START Supplied information

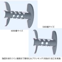 重く回転が鈍いため飛距離が出ない、一般的なアルミ素材の純正スプールに満足できず、航空機にも使用されるハイグレード超々ジュラルミンを素材にした、超軽量スプールを独自設計。キャストの際に障害となる、「慣性モーメント」の大幅な低減に成功しました。さらに、ライギョゲームにありがちな、スプールに巻いたラインの「スリップトラブル」を防止する機能も加え、商品化しました。
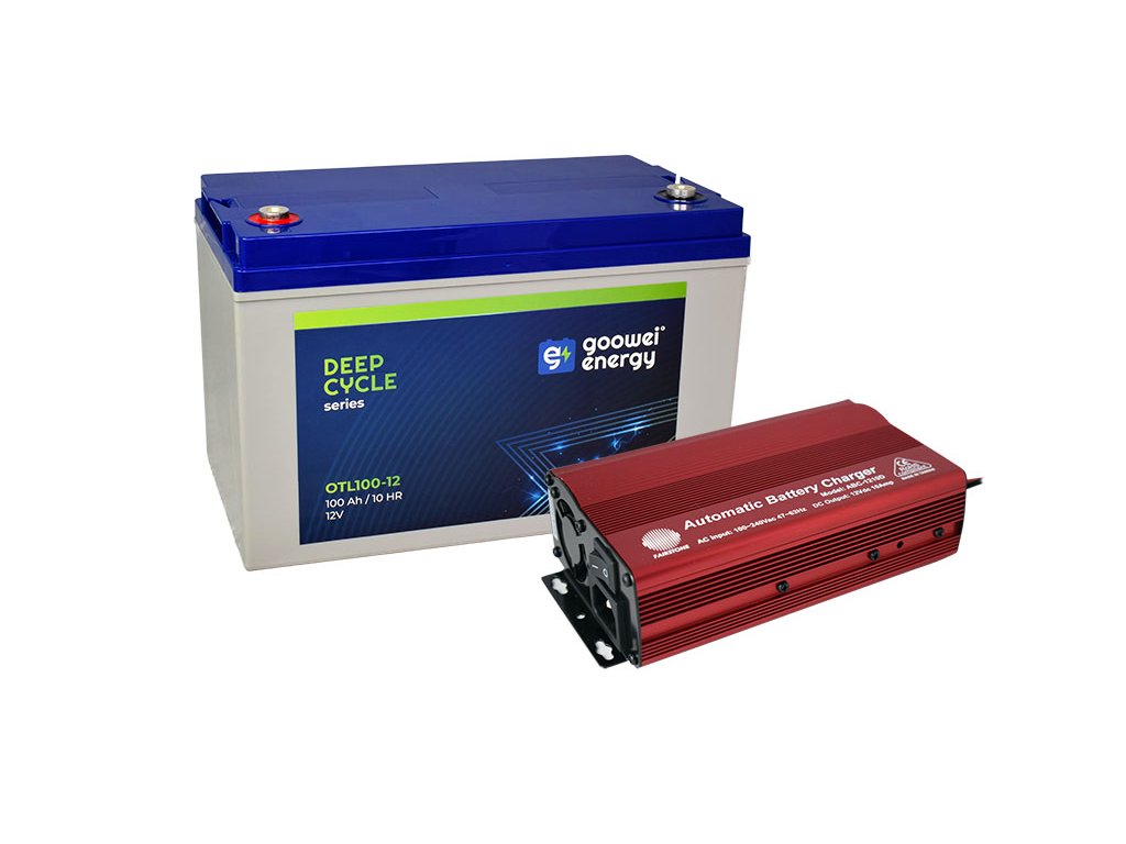 Set trakčná batéria GOOWEI ENERGY OTL100-12 (100Ah) + nabíjačka FST ABC-1210D (10A), 12V
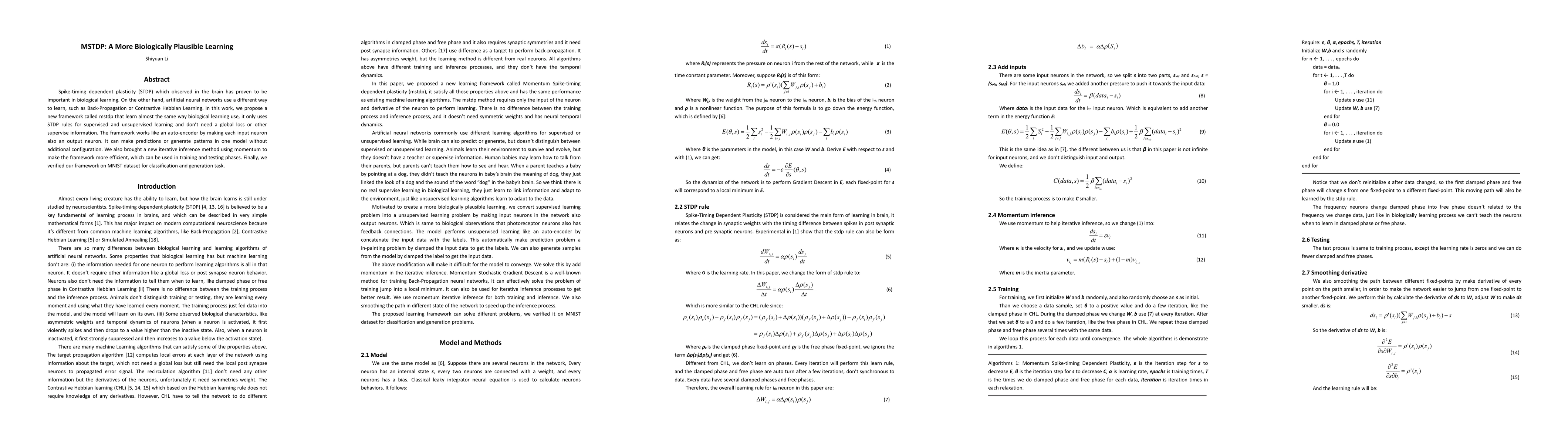 Spike-timing dependent plasticity (STDP) which observed in the brain has proven to be important in biological learning. On the other hand, artificial neural networks use a different way to learn, such as Back-Propagation or Contrastive Hebbian Learning. In this work, we propose a new framework called mstdp that learn almost the same way biological learning use, it only uses STDP rules for supervised and unsupervised learning and don' t need a global loss or other supervise information. The framework works like an auto-encoder by making each input neuron also an output neuron. It can make predictions or generate patterns in one model without additional configuration. We also brought a new iterative inference method using momentum to make the framework more efficient, which can be used in training and testing phases. Finally, we verified our framework on MNIST dataset for classification and generation task.

END Supplied information

What you should do => The expected result is the data above in exact form, free of pictures.

Response area =>
 重く回転が鈍いため飛距離が出ない、一般的なアルミ素材の純正スプールに満足できず、航空機にも使用されるハイグレード超々ジュラルミンを素材にした、超軽量スプールを独自設計。キャストの際に障害となる、「慣性モーメント」の大幅な低減に成功しました。さらに、ライギョゲームにありがちな、スプールに巻いたラインの「スリップトラブル」を防止する機能も加え、商品化しました。
 Set trakčná batéria GOOWEI ENERGY OTL100-12 (100Ah) + nabíjačka FST ABC-1210D (10A), 12V
 Spike-timing dependent plasticity (STDP) which observed in the brain has proven to be important in biological learning. On the other hand, artificial neural networks use a different way to learn, such as Back-Propagation or Contrastive Hebbian Learning. In this work, we propose a new framework called mstdp that learn almost the same way biological learning use, it only uses STDP rules for supervised and unsupervised learning and don' t need a global loss or other supervise information. The framework works like an auto-encoder by making each input neuron also an output neuron. It can make predictions or generate patterns in one model without additional configuration. We also brought a new iterative inference method using momentum to make the framework more efficient, which can be used in training and testing phases. Finally, we verified our framework on MNIST dataset for classification and generation task.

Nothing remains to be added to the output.